Das Transparenzregister gibt u.a. Überblick über die wirtschaftlich Berechtigten von GmbHs (§ 20 Abs. 1 S. 1 GwG), zu denen insbesondere die Inhaber von mehr als 25 % der Kapitalanteile zählen (§ 3 Abs. 1 u. Abs. 2 S. 1 Nr. 1 GwG). Diese wirtschaftlich Berechtigten konnte man aber im Regelfall bereits bisher der Gesellschafterliste nach § 40 Abs. 1 GmbHG a.F. entnehmen. Gleichwohl wäre gerade bei komplexen Beteiligungsstrukturen der wirtschaftlich Berechtigte nicht ohne einigen Rechenaufwand erkennbar gewesen. Um die Gesellschafterliste transparenter, leichter lesbar und somit „fit für das Transparenzregister“ zu machen, wurde im Rahmen des Umsetzungsgesetzes § 40 Abs. 1 S. 1 GmbHG geändert (Art. 14 der BT-Drucks. 18/11555, S. 72, 172).

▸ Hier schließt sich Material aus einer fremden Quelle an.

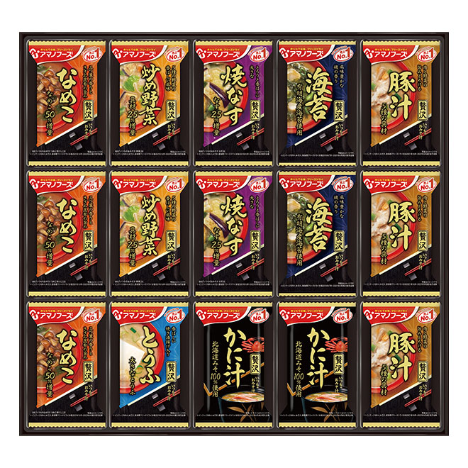 いつものおみそ汁贅沢(なめこ、豚汁)×各6食、(焼なす、炒め野菜、海苔、かに汁)×各4食、いつものおみそ汁贅沢とうふ × 2食
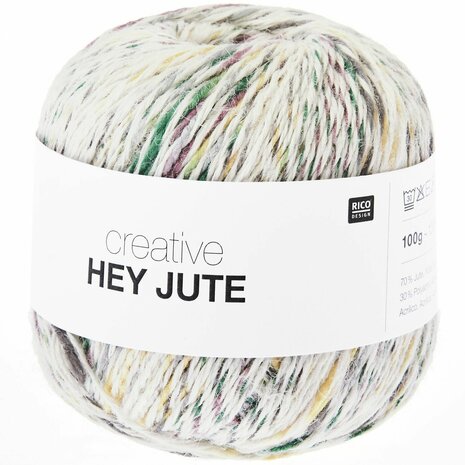 Creative Hey Jute is gemaakt van jute en polyacryl. De combinatie van natuurlijke en synthetische vezels zorgt voor een sterk garen. Het garen is bijzonder geschikt voor haakprojecten. De natuurlijke jutevezel is gecombineerd met een gekleurd garen.
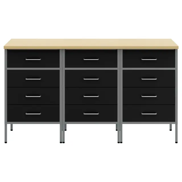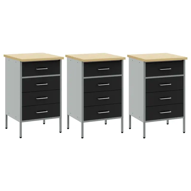 Ta industrijska delovna omara s 4 predali je popoln način, da si organizirate garažo ali delavnico. S svojim črno-sivim izgledom in leseno končno obdelavo združuje praktičnost in industrijski stil. Doda funkcionalnost in organizacijo za vsak delovni prostor.
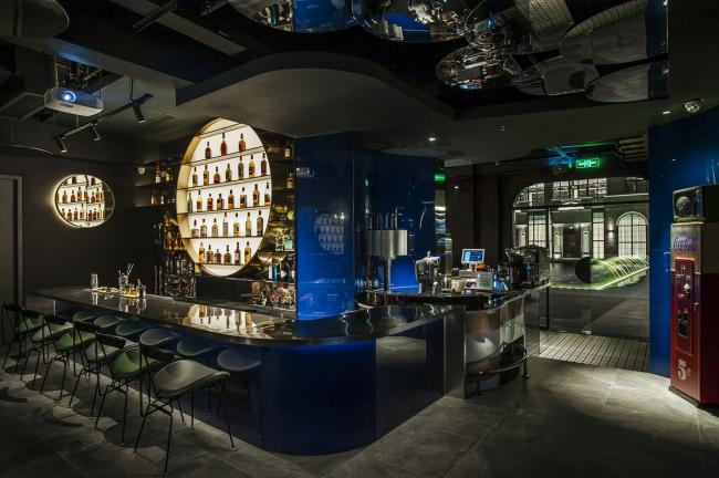 项目落址中山南路505弄——前身是上海油脂厂,曾经的十佳创意产业园。选择这里作为第一家酒吧的据点,业主本身寄予了很高的期望和要求。在这个面积仅有130平米的空间里,业主希望尽可能将手工啤酒酒吧、威士忌酒吧、餐饮区和调酒机器人等多元的业态纳入其中。对此,一持工作室准备从两个层面来进行创作。
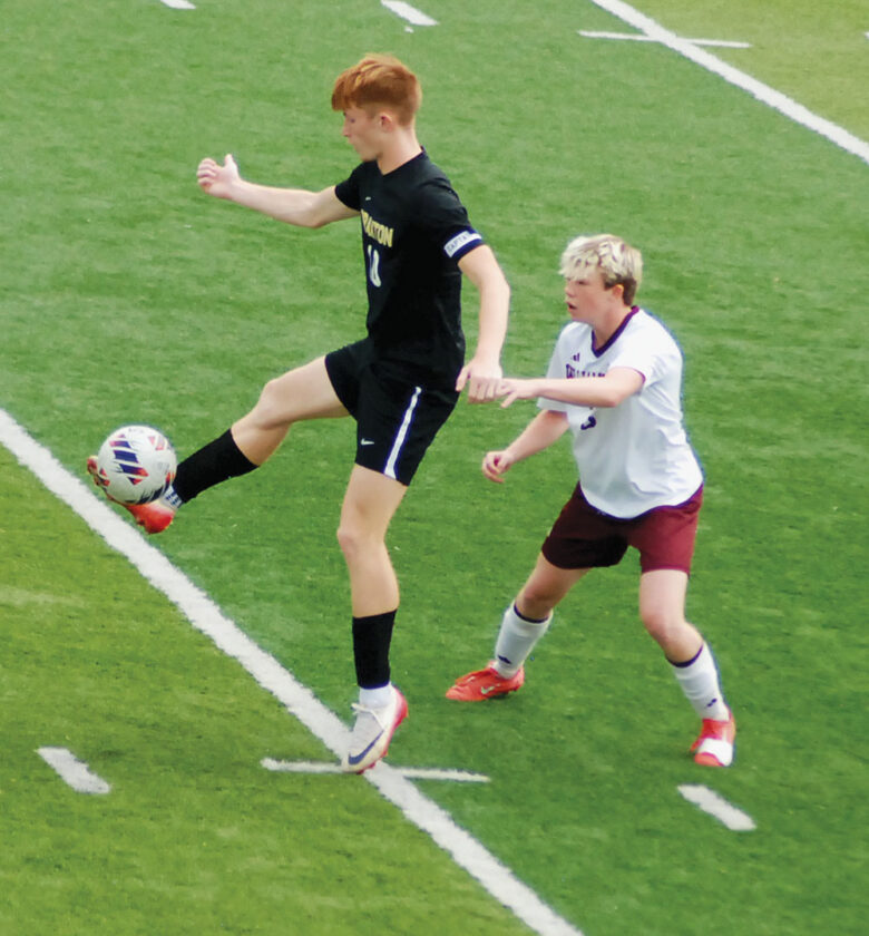 - Braxton County’s Zack McQuain settles the ball in front of Williamstown’s Colten Rinard during the Eagles’ 6-0 Little Kanawha Conference championship match victory Saturday at Bill Hanlin Stadium in St. Marys. (Photo by Jay W. Bennett)

Anzugeben ist nun u.a. die „durch den jeweiligen Nennbetrag eines Geschäftsanteils vermittelte jeweilige prozentuale Beteiligung am Stammkapital“, sowie ggf. gesondert die prozentuale Angabe des Gesamtumfangs der Beteiligung. Ferner wurden in § 40 Abs. 4 u. 5 GmbHG Verordnungsermächtigungen eingeführt: Abs. 4 gibt die Möglichkeit, auf technische Detail-Aspekte einzugehen, die sich durch die Neufassung des § 40 Abs. 1 S. 1 GmbHG ergeben, verbunden mit der Gelegenheit zur Klarstellung kontroverser Fragen zur Darstellung der Gesellschafterliste. Abs. 5 bereitet den Weg für die wünschenswerte Überführung der derzeit als Scan elektronisch zum Registerordner übermittelten Gesellschafterlistendaten in das maschinenlesbare XML-Format. Ziel sollte insbesondere eine Querverlinkung dergestalt sein, dass ein bloßer Klick auf eine juristische Person als Gesellschafter in der Gesellschafterliste wiederum zu deren Gesellschafterliste führt. Der Anwender könnte sich auf diese Weise bei einer Kaskade von Gesellschaftern leicht zu dem wirtschaftlich Berechtigten am Ende der Kette „durchklicken“.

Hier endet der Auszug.